Completely agree on the IDE integration. I almost tried tackling that in December, but ultimately held off to see if anyone else would be interested in this project. I'd love to hear your thoughts.
A TypeScript language server plugin might work? If not, writing a language server is another option. It looks like https://github.com/lifeart/els-addon-typed-templates achieves this in the type system: https://github.com/lifeart/els-addon-typed-templates/pull/11#issue-351282903.
Completely agree on the IDE integration. I almost tried tackling that in December, but ultimately held off to see if anyone else would be interested in this project. I'd love to hear your thoughts.

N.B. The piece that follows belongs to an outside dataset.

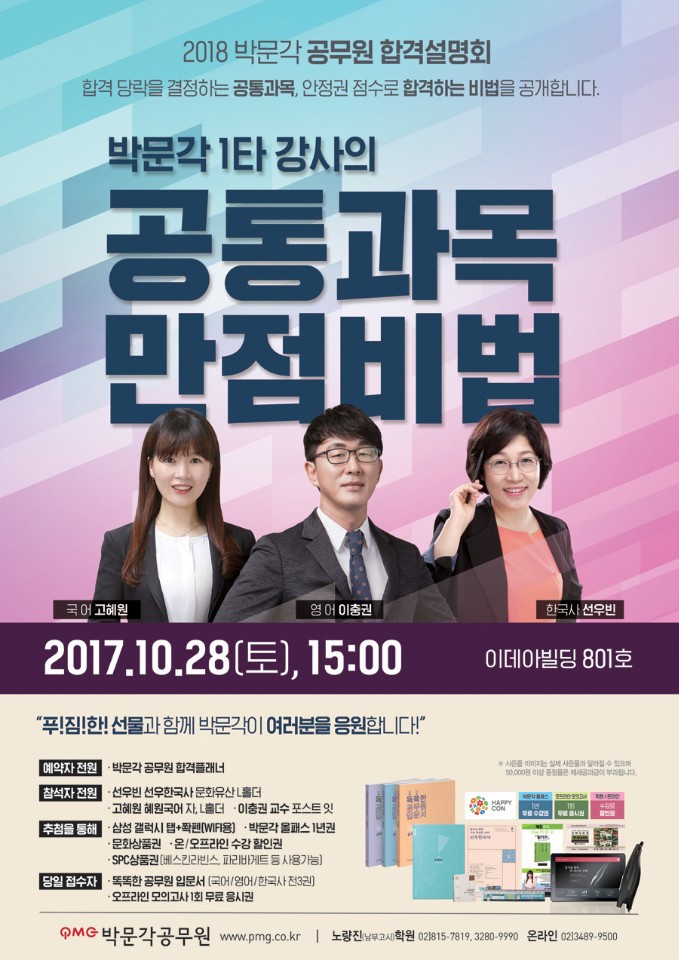 [박문각] 설명회 공지 작성자기주조교|작성시간17.10.24|조회수507 목록 댓글 1 글자크기 작게가 글자크기 크게가 http://www.pmg.co.kr/user/pna/event/event_171016.asp 첨부파일첨부된 파일이 2개 있습니다. jpg 파일 KakaoTalk_20171023_145051912.jpg 다운로드 jpg 파일 KakaoTalk_20171023_145051912.jpg 다운로드 다음검색 현재 게시글 추가 기능 열기 북마크 공유하기 신고 센터로 신고 댓글 댓글 1 댓글쓰기 답글쓰기 댓글 리스트 작성자살충제 | 작성시간 18.06.24 박문각! 댓글 전체보기

If this project had good VSCode integration and we posted it around a bit, I think it would immediately get popular.
I don't have any experience with language servers or ts language server plugins, but my first thought is that this may be difficult to implement as a plugin because we're fundamentally operating on text files, not typescript files. That els-addon-typed-templates looks like exactly what we want to achieve -- but looks like it's building on top of https://github.com/ember-tooling/ember-language-server.
Have you seen https://code.visualstudio.com/api/language-extensions/embedded-languages?
my first thought is that this may be difficult to implement as a plugin because we're fundamentally operating on text files, not typescript files.
Yeah I think so too.
Have you seen https://code.visualstudio.com/api/language-extensions/embedded-languages?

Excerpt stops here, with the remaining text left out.